Problem details: The line holding "ケーブルニット Vネックセーター ベージュ系" is the last one to output; start at the first line of the data, keep every line in between exactly, and leave out pictures.

Supplied material:
::::::::

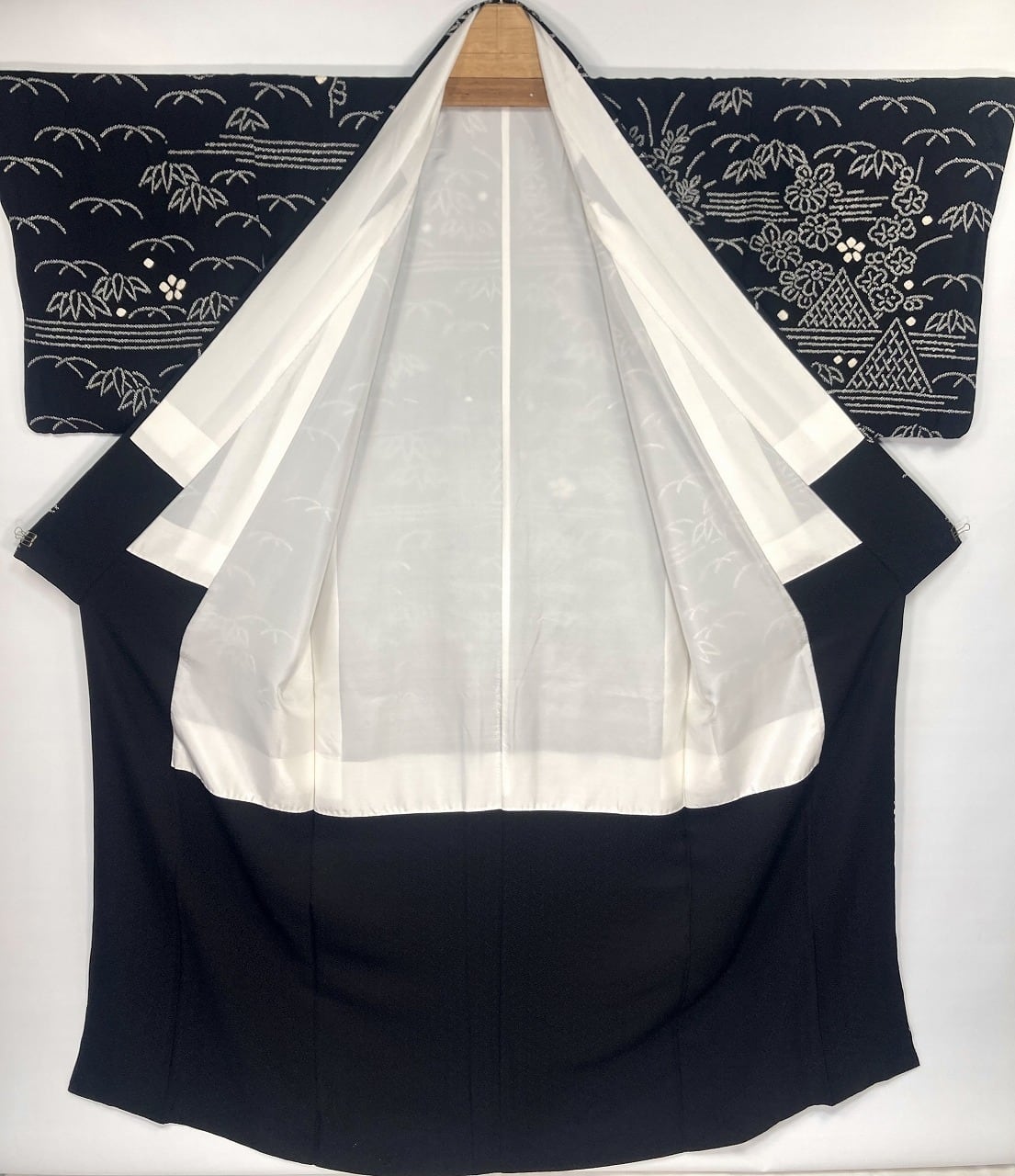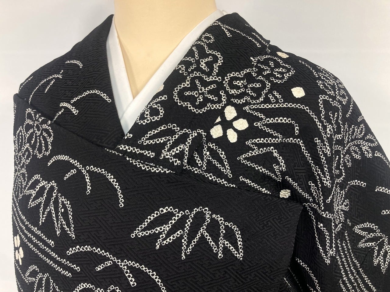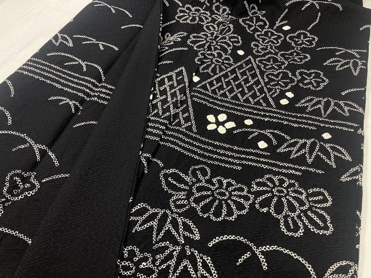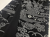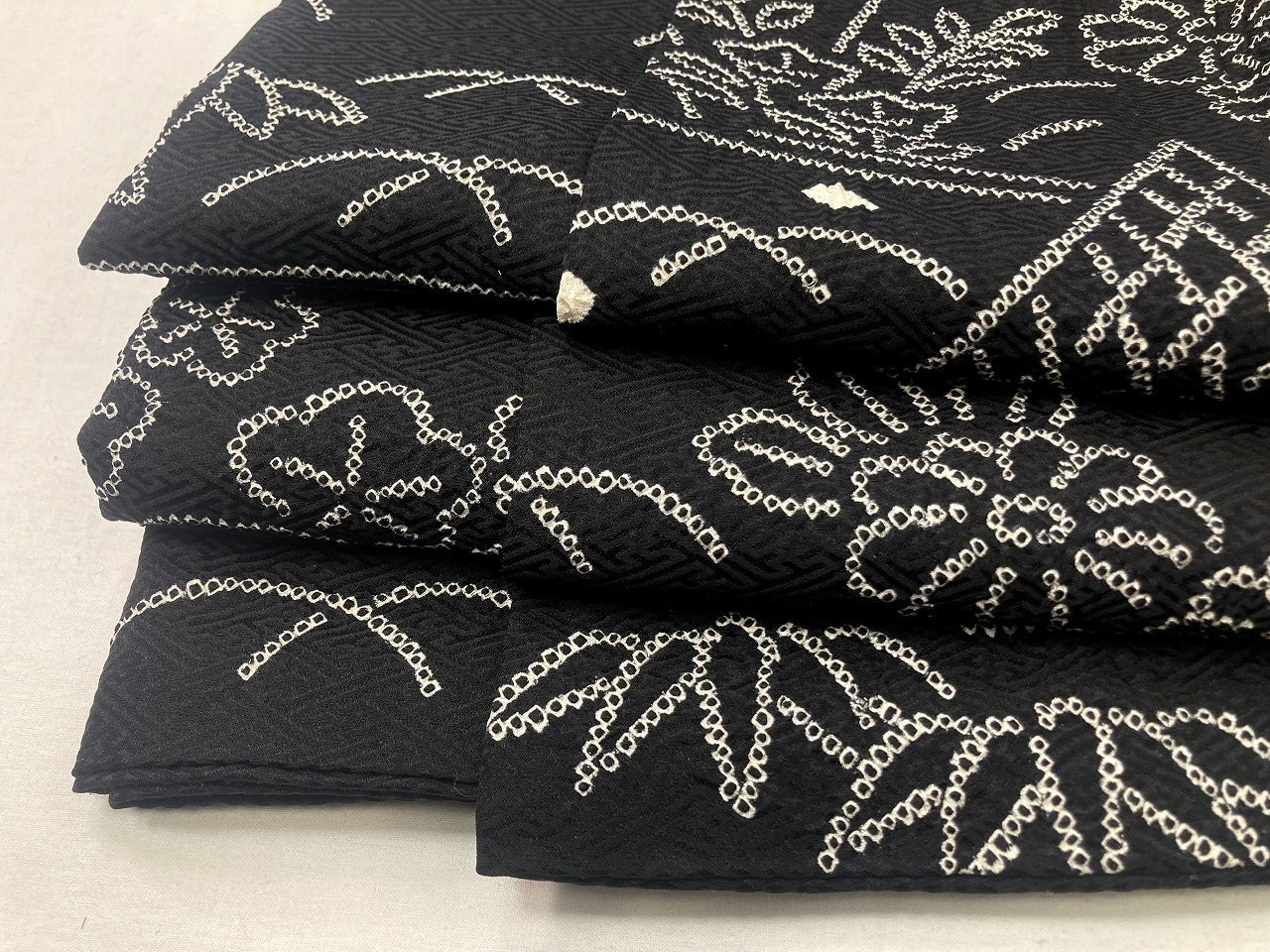 黒地に格調高い[紗綾形地紋]を織り出し、白の大きめな「小帽子絞り」きめ細かな「人目絞り」を駆使し、菊や桔梗などの花々に縁起の良い[吉祥文]の竹と[芝草文]を散りばめ、海辺の風景で描かれるモダンな[網干文]を配し、一粒一粒丹念な「手絞り」により描き上げた大変素晴らしい見事な作品です。
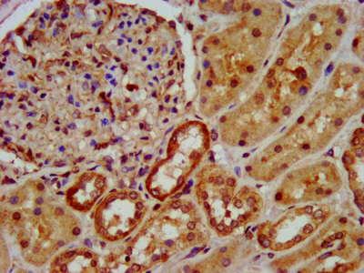 IHC image of CSB-PA851524LA01HU diluted at 1:600 and staining in paraffin-embedded human kidney tissue performed on a Leica BondTM system. After dewaxing and hydration, antigen retrieval was mediated by high pressure in a citrate buffer (pH 6.0). Section was blocked with 10% normal goat serum 30min at RT. Then primary antibody (1% BSA) was incubated at 4°C overnight. The primary is detected by a biotinylated secondary antibody and visualized using an HRP conjugated SP system.
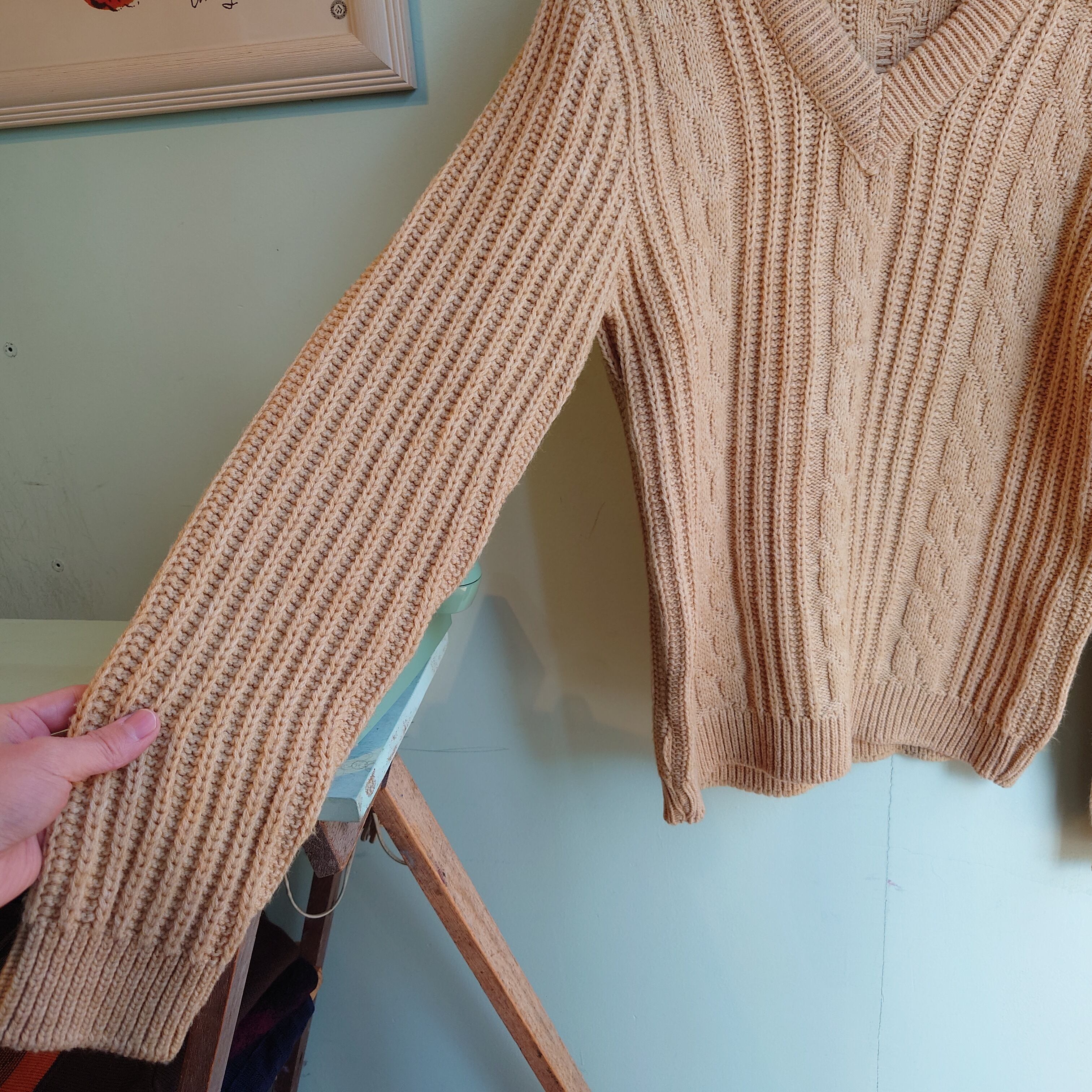 ◎Whitehouse & Hardy 70-80s vintage ヴィンテージセーター ケーブルニット Vネックセーター ベージュ系
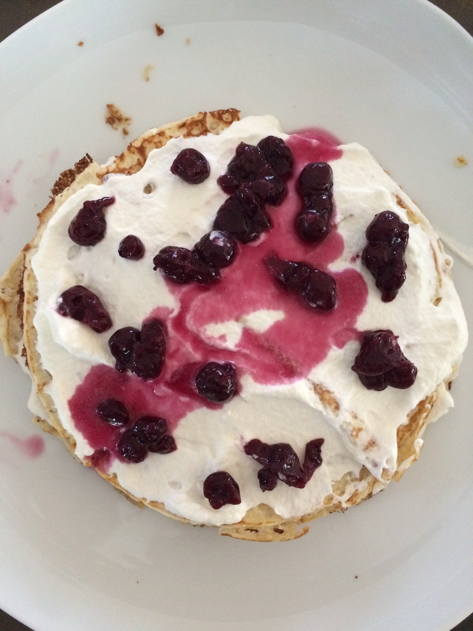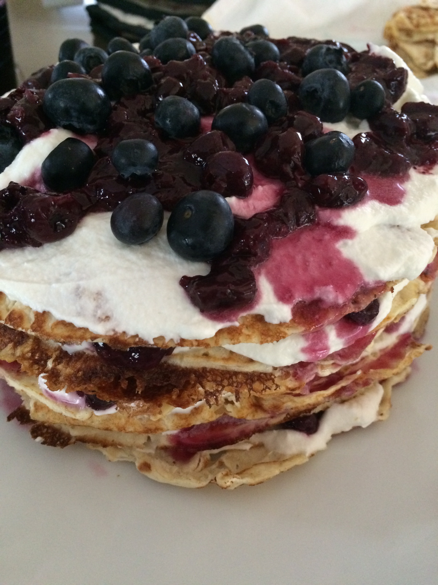 Stack cakes – yum. Oft made with fresh crepes or grandma’s secret pancake recipe. Today I present my quick version featuring pannkakor (swedish pancakes) from IKEA with home-canned organic free range blueberry filing and cointreau whipped cream. Fruit and cream stack cakes are great for a special brunch or dessert at anytime of day (remember life is short). You can amp up the sweetness by using a more jammy or compote-y filling or by whipping up the cream, folding in mascarpone or yogurt/creme fraiche and additional sugar. I didn’t really measure and you shouldn’t either, just have fun.

::::::::

Answer to the problem:
 黒地に格調高い[紗綾形地紋]を織り出し、白の大きめな「小帽子絞り」きめ細かな「人目絞り」を駆使し、菊や桔梗などの花々に縁起の良い[吉祥文]の竹と[芝草文]を散りばめ、海辺の風景で描かれるモダンな[網干文]を配し、一粒一粒丹念な「手絞り」により描き上げた大変素晴らしい見事な作品です。
 IHC image of CSB-PA851524LA01HU diluted at 1:600 and staining in paraffin-embedded human kidney tissue performed on a Leica BondTM system. After dewaxing and hydration, antigen retrieval was mediated by high pressure in a citrate buffer (pH 6.0). Section was blocked with 10% normal goat serum 30min at RT. Then primary antibody (1% BSA) was incubated at 4°C overnight. The primary is detected by a biotinylated secondary antibody and visualized using an HRP conjugated SP system.
 ◎Whitehouse & Hardy 70-80s vintage ヴィンテージセーター ケーブルニット Vネックセーター ベージュ系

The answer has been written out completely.